**WHAT THE EXERCISE ASKS:** Span requested from the data below: the line with "A police investigation" through the line with "Extra large. Better", both included. Give only these lines again, exactly, and leave every picture out.

SUPPLIED MATERIAL: Begin

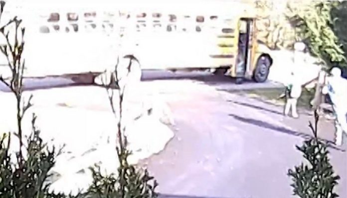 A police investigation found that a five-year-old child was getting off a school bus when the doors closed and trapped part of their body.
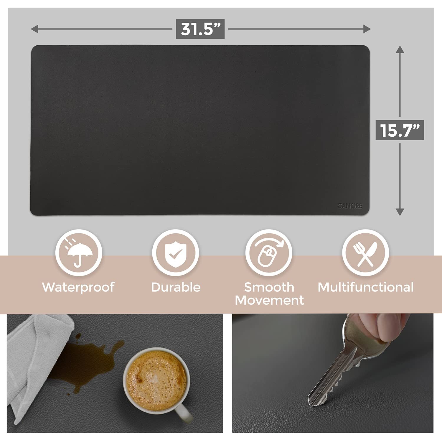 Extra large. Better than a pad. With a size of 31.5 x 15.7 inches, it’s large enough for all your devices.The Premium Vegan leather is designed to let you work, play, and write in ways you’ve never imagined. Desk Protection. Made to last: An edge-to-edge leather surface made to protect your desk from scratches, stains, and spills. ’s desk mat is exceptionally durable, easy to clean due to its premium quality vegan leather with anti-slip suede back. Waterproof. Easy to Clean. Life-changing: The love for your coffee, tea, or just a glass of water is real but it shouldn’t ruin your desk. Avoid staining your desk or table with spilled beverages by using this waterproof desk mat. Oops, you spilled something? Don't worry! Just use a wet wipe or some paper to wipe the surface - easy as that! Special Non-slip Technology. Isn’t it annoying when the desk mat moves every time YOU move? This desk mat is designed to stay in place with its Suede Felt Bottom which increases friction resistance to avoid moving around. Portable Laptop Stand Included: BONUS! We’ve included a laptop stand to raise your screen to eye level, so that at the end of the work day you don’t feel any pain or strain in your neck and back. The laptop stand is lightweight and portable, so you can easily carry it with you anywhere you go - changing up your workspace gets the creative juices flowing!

SUPPLIED MATERIAL: End
SUPPLIED MATERIAL: Begin

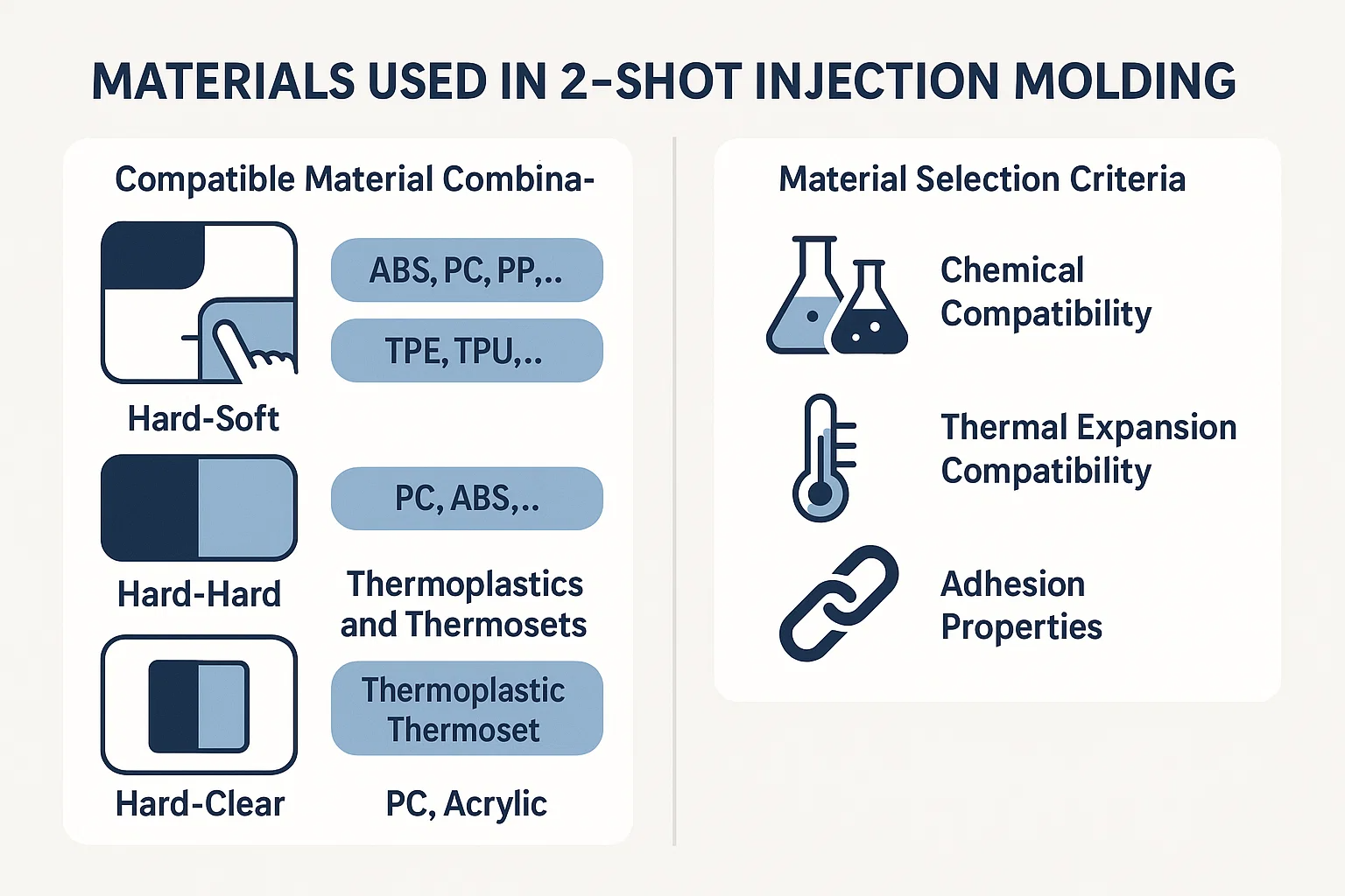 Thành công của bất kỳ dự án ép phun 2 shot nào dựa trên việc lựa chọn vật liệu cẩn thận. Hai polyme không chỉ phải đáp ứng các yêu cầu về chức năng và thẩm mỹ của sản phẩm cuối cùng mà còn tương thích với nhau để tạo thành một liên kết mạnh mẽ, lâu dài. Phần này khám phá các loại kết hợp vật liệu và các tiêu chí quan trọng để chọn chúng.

SUPPLIED MATERIAL: End

**WRITTEN SOLUTION:**
 A police investigation found that a five-year-old child was getting off a school bus when the doors closed and trapped part of their body.
 Extra large. Better than a pad. With a size of 31.5 x 15.7 inches, it’s large enough for all your devices.The Premium Vegan leather is designed to let you work, play, and write in ways you’ve never imagined. Desk Protection. Made to last: An edge-to-edge leather surface made to protect your desk from scratches, stains, and spills. ’s desk mat is exceptionally durable, easy to clean due to its premium quality vegan leather with anti-slip suede back. Waterproof. Easy to Clean. Life-changing: The love for your coffee, tea, or just a glass of water is real but it shouldn’t ruin your desk. Avoid staining your desk or table with spilled beverages by using this waterproof desk mat. Oops, you spilled something? Don't worry! Just use a wet wipe or some paper to wipe the surface - easy as that! Special Non-slip Technology. Isn’t it annoying when the desk mat moves every time YOU move? This desk mat is designed to stay in place with its Suede Felt Bottom which increases friction resistance to avoid moving around. Portable Laptop Stand Included: BONUS! We’ve included a laptop stand to raise your screen to eye level, so that at the end of the work day you don’t feel any pain or strain in your neck and back. The laptop stand is lightweight and portable, so you can easily carry it with you anywhere you go - changing up your workspace gets the creative juices flowing!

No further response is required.